# Muay Thai and Jiu Jitsu support



## dbertsch18

I recently started a gofundme project to help me get more training gear and pay my monthly gym fees. I know a lot of people can't afford to donate and that's more than understandable as I can't afford it myself thanks for checking out this post and good luck to those out there grinding!

http://www.gofundme.com/mmatraining


----------



## Life B Ez

I'd consider this if 
1. You explained why your job can't cover it
2. You put realistic prices for thai pads and gloves. $180 is absurd. I don't think I've ever paid that. Combined possibly if you went top of the line gear. But you're on go fund me asking for money to buy top end gear.

I'd go talk to the gym owner and offer to clean the mats or help out in the gym.
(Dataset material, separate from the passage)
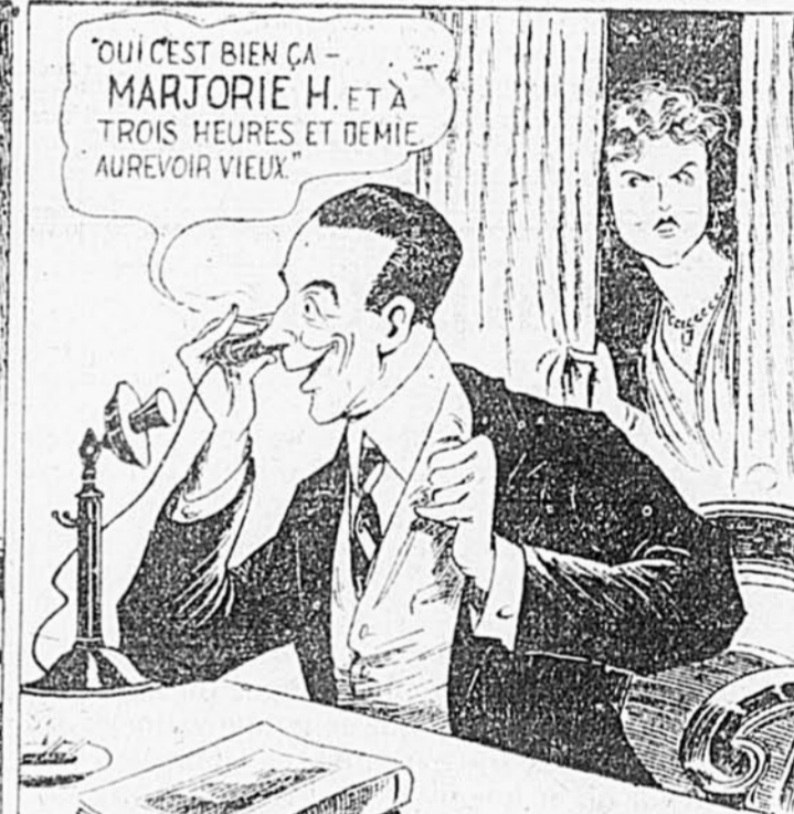
MAIS TON ÉPOUSE, QUI PASSAIT PAR HAZARD, NE LE COMPRIT PAS DE LA MÊME FAÇON -

That would get you a lot further than gofundme.


----------



## Joabbuac

Never bought my own thai pads or head guard... 

Why not use the clubs thai pads?, i can see your club has them in your picture. and go buy a piece of shit gi off ebay too, cost a lot less, you say this is your passion, so it shouldn't matter. 

A lot of great fighters out there have come from far far less than you and do not resort to begging on the internet. 

I don't think you will make your target (I hope you don't make your target) But i also don't think $500 covers what you are asking for, 

Monthy fee $150
Headgear $180
Thai Pads $180
Gi $100

$610 

With that monthly fee... hell, just take a few months off, do cardio... save the money, buy the equipment.


----------